# Ideal Gas Law

1. May 2, 2006

### Richay

The volume of a quantity of the ideal gas was kept constant in a experiment. The final temp. was 600 kelvins (K) and the final pressure was 300 netwons per square m (Meter). What was the original pressure if the original temperature was 1000 K?

This is so mind twisting.

I got it wrong three times

2. May 2, 2006

### Ouabache

If you show us what you have done, we can help steer you in a successful direction.

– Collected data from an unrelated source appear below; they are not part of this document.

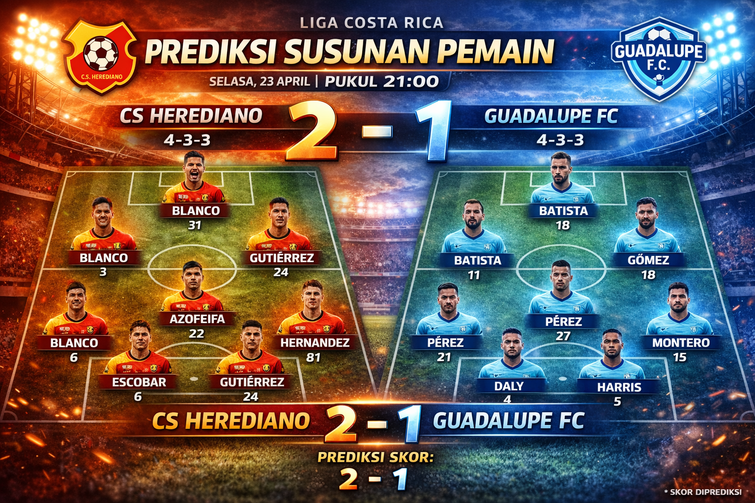 CS Herediano memang memiliki keunggulan secara struktur permainan, namun Guadalupe FC bukan lawan yang mudah ditaklukkan. Jika Herediano gagal memanfaatkan peluang awal, hasil imbang menjadi skenario yang sangat masuk akal.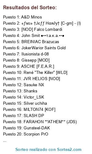 Lista de participantes: A&D Minos, JokerWarior Saints Gold, Victor_LSK, Gunsteel-DAK, BREINIAC Brazucas, -Pr0- Betikadd, FARAHON **ATHEM** (JDS), adm senju, John Smit ●••т.a.ĸ.a.••●, René "The Killer" [WLD], jual001 [NX], Silver uchiha, «ƒмנ» †Jєƒƒ Hαя∂у† [C-gm] - (I), Sasuke NX, SLASH DP, JVR HELIOS [NOD], Shanks, Scorpion PrO, ASCHE [F.E.A.R.], Gissepp [MOD] , MILTON74 [KOF], [NOD] Falco Lombardi, Ilusionista d-08, .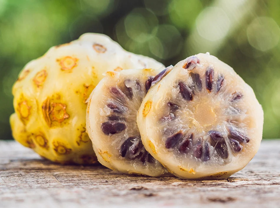 Noni (pronounced NO-nee) is a lumpy, mango-sized fruit that is yellow in color. It’s very bitter and has a distinct odor that is sometimes compared to stinky cheese.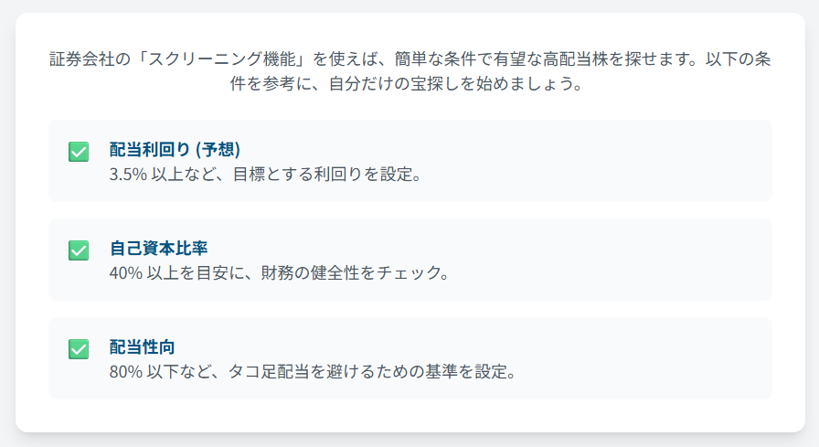 証券会社のウェブサイトやツールが提供する「スクリーニング機能」を使えば、自分で条件を設定して銘柄を探すことができます。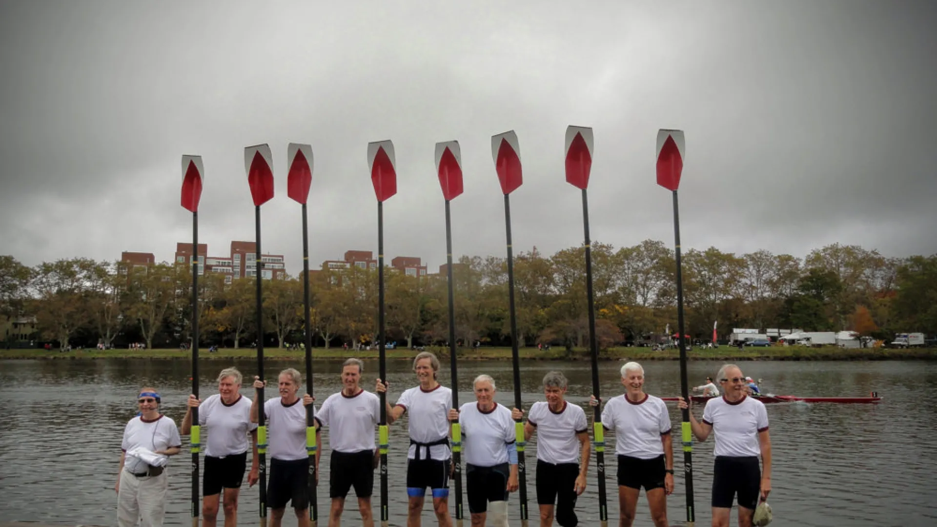 The forecast for the Head of the Charles was bad weather, but early on Saturday a light drizzle flattened the water and the wind was calm. “Not too cold, not too warm—perfect,” Tonks said, looking out from the Newell Boathouse dock. A few minutes later, they lined up their oars and took down the long black racing shell they’d borrowed from Charley Butt, Bolles-Parker head coach of the men’s heavyweight crew. They carried the boat to the water, lowered it in, and climbed aboard in stockinged feet. Then, waving goodbye to wives, children, grandchildren, friends, and one fiancée, they rowed off toward the starting line. They didn’t look nervous. Their oars were turning in unison.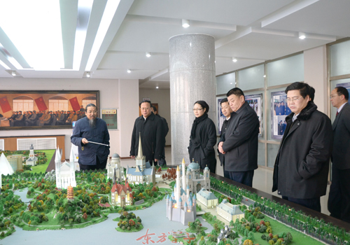 姜德果代市长在甄忠义校长的陪同下,参观了我校规划沙盘。参观结束后,姜德果与我校领导在综合楼会议室举行了座谈,在座谈会上,甄忠义校长就学校整体规划、远景目标、项目建设、人才师资引进、招生培养与市场化运作等情况作了详细汇报。

What kind of relationship (equations) do you know that relate the variables in your question?

Last edited: May 2, 2006
3. May 3, 2006

### Richay

I was doing the problem wrong. But I think i understand it now.
My equation is

1. 1000 x 300 = 300,000
2. 300,000 / 600 = 500

This all works out right?

4. May 3, 2006

### Ouabache

I don't understand.. What are you trying to accomplish with your calculations? Do you know the equation that shows the relationship between your variables (final temperature, pressure, & volume; original temperature, pressure & volume)?

5. May 4, 2006

### Richay

I'm trying to accomplish what the original pressure was if the original temperature was 1000 K.
1000 [Original Temperature] x 300 [Final Pressure] = 300,000

300,000 [New Solution] / 600 [Final Temperature] = 500 [Original Pressure]

I asked my advisor if i was correct, and he said yes.

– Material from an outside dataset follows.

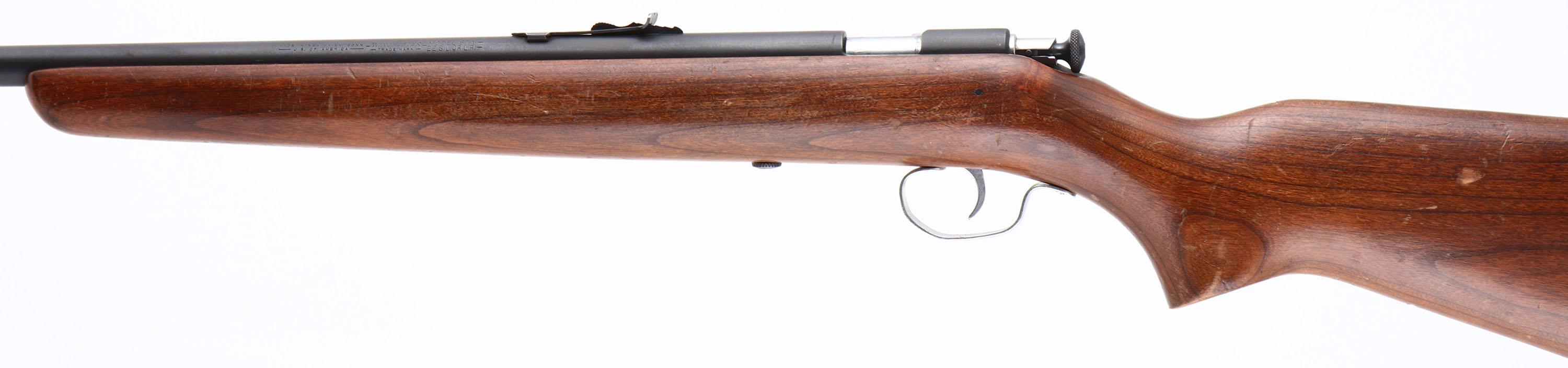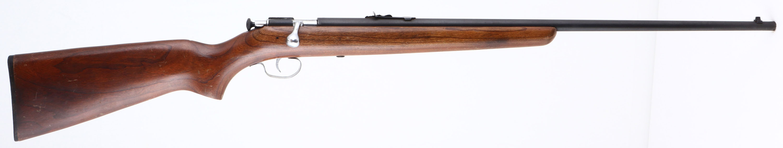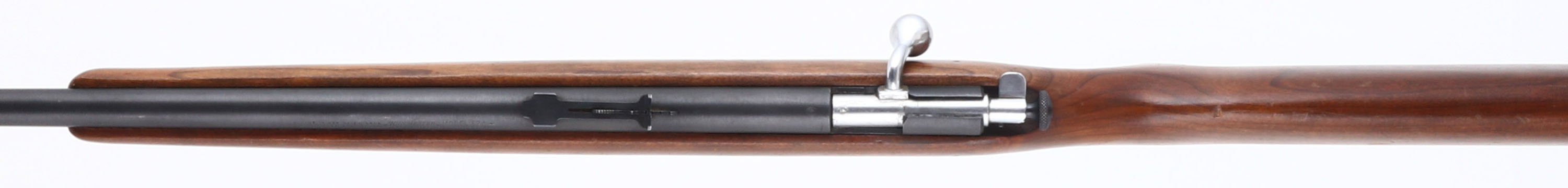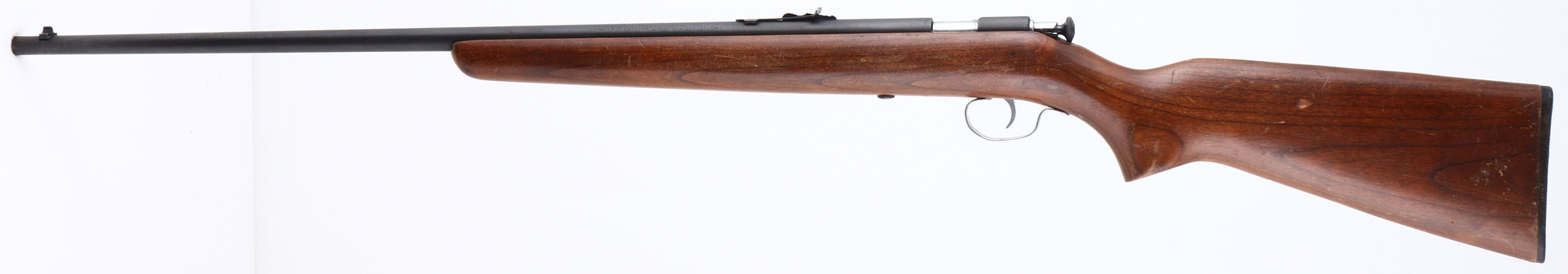Winchester, Model 67A, CAL: 22 S.L.LR, MFG: 1937-63, SN: NSN, Bolt Action Rifle, 27'' barrel. This rifle carries the later original flat pistol grip & tapered/slant forearm tip stock which is very good. It has multiple light scratches, scrapes & dings to the original finish. The metal blue finish rates 95% overall. Bore is excellent. The barrel holds an adjustable rear sight & blade front sight. Nickeled trigger, trigger guard & bolt handle. Original Winchester checkered plastic buttplate. FFL or C&R Req. - Value: 150 to 350

But, I want to know if you think my steps were the correct way of getting the answer?

6. May 4, 2006

### Ouabache

It helps to understand the relationship of your variables to solve any problem. That way you are not limited by step-by-step instructions shown in your text or given by the instructor.

In your case one form of the general expression for The Ideal Gas Law, where i is initial and f is final, P-pressure, V-volume and T-temperature.

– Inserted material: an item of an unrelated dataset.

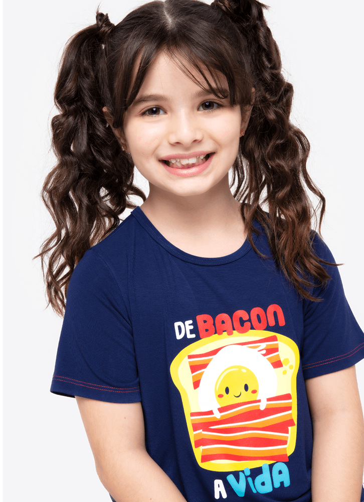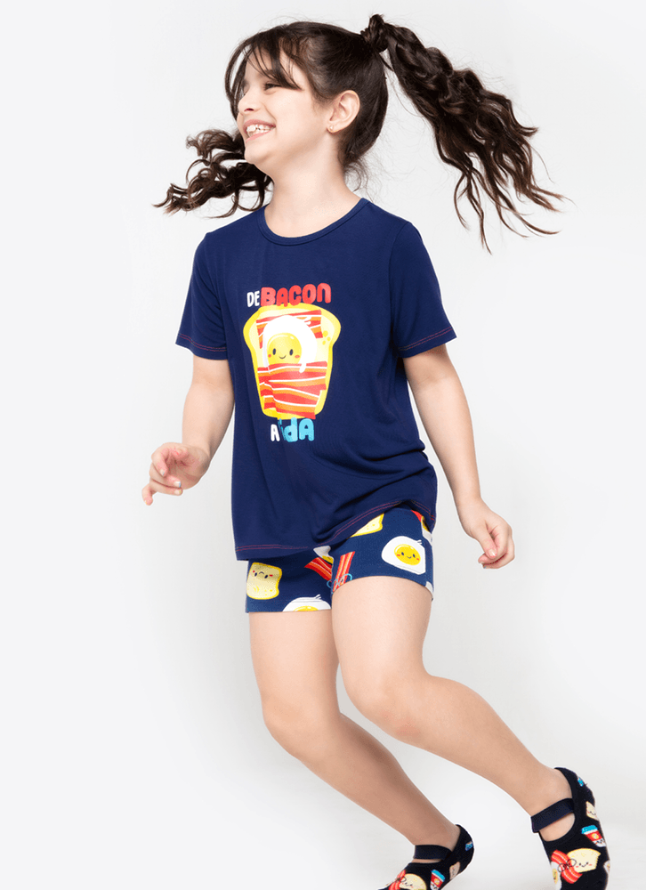 Pijama Manga Curta Menina Viscolycra Família de Bacon a Vida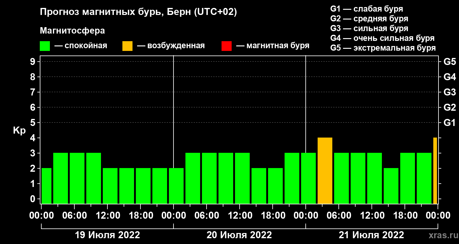 Прогноз магнитных бурь в Берне — 19 июля 2022 года

$$\frac {P_i V_i}{T_i} = \frac {P_f V_f}{T_f}$$

ref (see Ideal Gas Law with Constraints)

Since your volume is constant $V_i = V_f$

You are asked what is the original pressure. Solving for $P_i$
(using basic algebra)

$$P_i = \frac {P_f T_i}{T_f}$$
Once you realize that, the solution becomes trivial (just plugging in the numbers and keeping your units consistent). Speaking of units, I hope remembered to give your solution in $$\frac {N}{m^2}$$

Last edited: May 4, 2006